Tuesday 6 April 2010

Election 2010 : Day 1

This first day of the campaign was not a day to make important announcements or big speeches, the party's decided to make this more a day of impressions
carefully created and choreographed
by their party leaders.


The Prime Minister began his "canteen campaign" taking the high speed rail link to Kent, he greeted surprised shoppers in Morrisons, a couple of them wishing him good luck and one even pledging his support for Mr Brown. He then talked to Morrison's employees in a the canteen, about a range of issues, none of them political, although the workers told the press after they were surprisingly impressed by Mr Brown's charm. He then drove on to Gillingham where he visited the home of two Labour supporters and chatted over tea and cakes.

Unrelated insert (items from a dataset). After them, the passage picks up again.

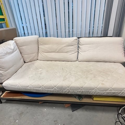 Hjemmesnekret benk. To store kjøkkenskuffer fra IKEA med pålimt front. Front i 9 mm bjørkefinér. Madrass medfører ikke.
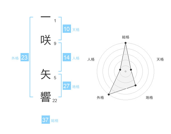 一咲 矢響さんの総格は37画の5点!
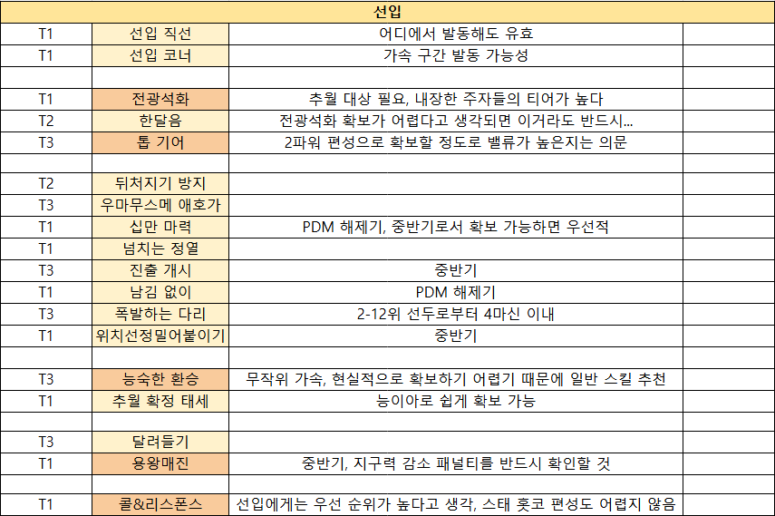 - 선입은 중반기를 좀 더 생각해 보자. 최직기를 하나 챙기는 것보다 안정적인 순위를 끌어올리기 위한 중반기 확보가 중요할 수 있다.
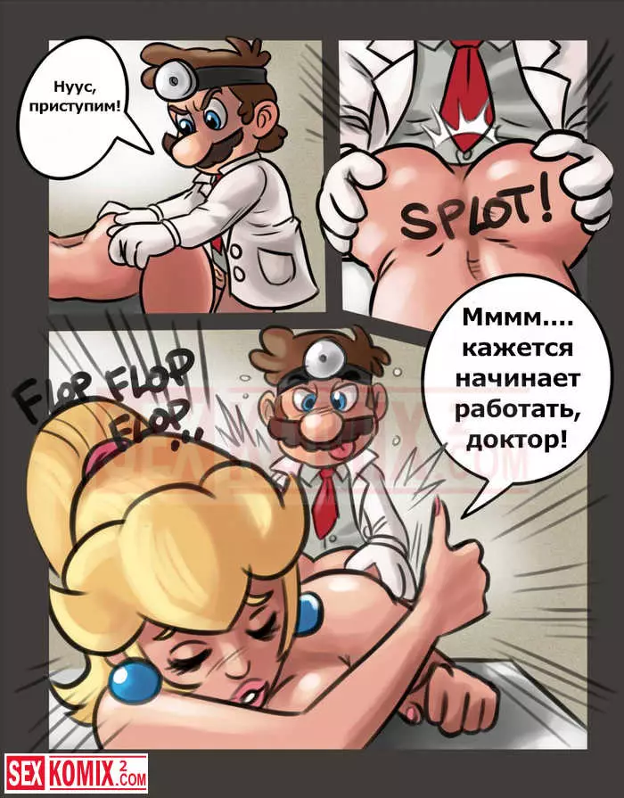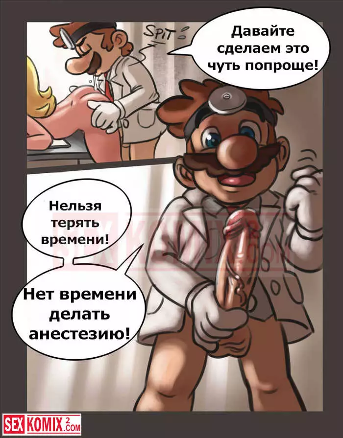Порно комикс Доктор Марио. Марио нашёл в себе способности психотерапевта и открыл свою клинику. Сразу же к нему на приём записалась очень симпатичная и сексуальная блондинка, которая была принцессой. У нее был очень большой стресс после встречи с огромным драконом. Марио попросил рассказать подробности, что с ней произошло. После её истории он понял, что ей поможет хороший расслабление с помощью секса.
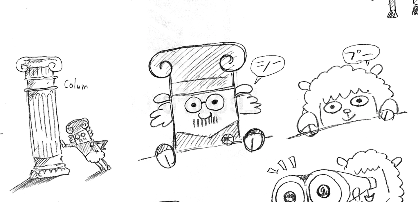 また、「親しみやすい」「使いやすい」サービスにしたいという気持ちを込めた、キャラクターやロゴデザインもポイントです。キャラクターは社内のデザイナーが作成してくれたのですが、羊にしたのは「モコモコしていてかわいいから」とのことでした。また、先生役のキャラクターが被っている帽子は、コラムの語源が古代ギリシャの柱にあるという一説があり、羊の角と似ているというところから着想を得ています。
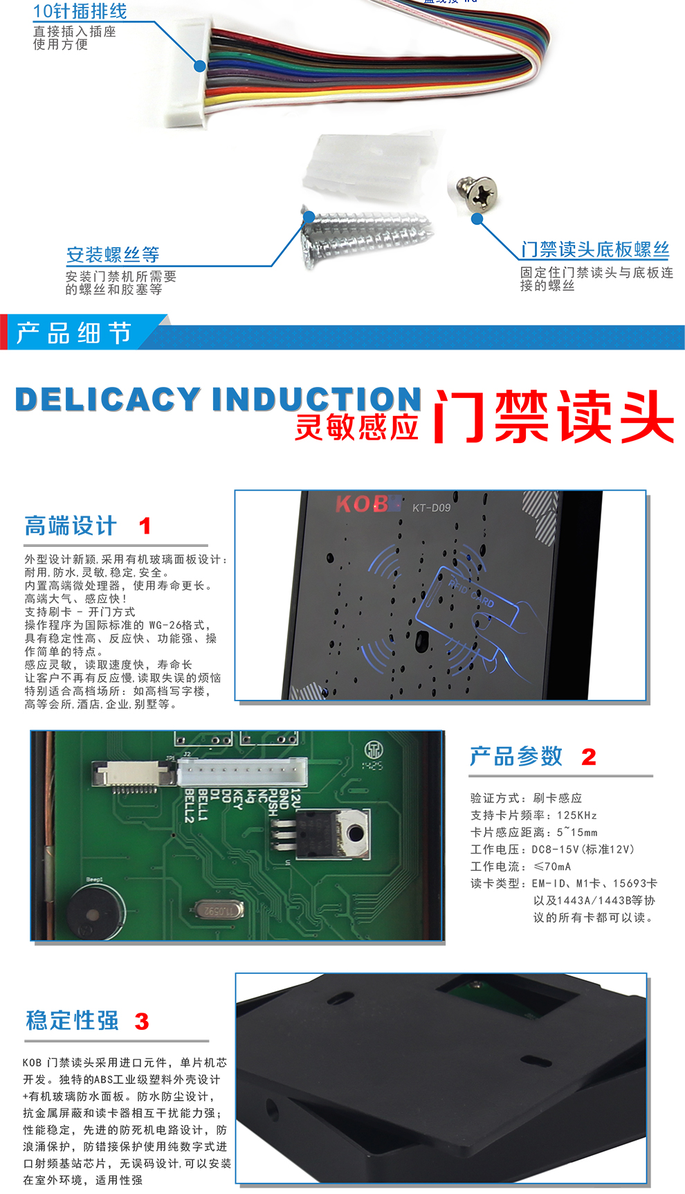 KOB品牌KT-D09m微根WG26門禁讀頭

David Cameron began the day in front of County Hall on the banks of the Thames, surrounded by workers from Central Office and ethnic minority Tory candidates. He decided to arrogantly launch his campaign even before the Prime Minister had formally announced the start of the election. In his speech he said the election, should be about “people power”: “We know that politicians should be accountable to people, answerable to people, and not the other way round . . . We need to make people feel proud again of that building over there.” “I want to tell you what I am fighting this election for — it is the people I call the Great Ignored: they may be black or white. They may be rich or poor. They may live in the town or the country.”
From London, Mr Cameron skipped by train to Birmingham, where he visited the Queen Elizabeth Hospital, highlighting his promise to put the NHS at the forefront of his campaign.He finished the first day of the campaign with an evening rally in Leeds at which he insisted Labour’s national insurance rise would wreck the economic recovery.


Nick Clegg launched his campaign on a street in Westminster with his "political wife" Vince Cable. He declared "Today is the beginning of the end for Gordon Brown". Mr Clegg then moved on to the three way marginal seat in Watford, he addressed students at a church hall saying “This country, Britain, has now had Labour and Conservative governments for 65 years just doing the same old thing,”, he went on to outline his key pledges “No tax on the first £10,000 you earn,” and recall of MPs shown to be corrupt. “That’s the change you can trust,” he said, reaching his finale. “That’s the change that works for you.”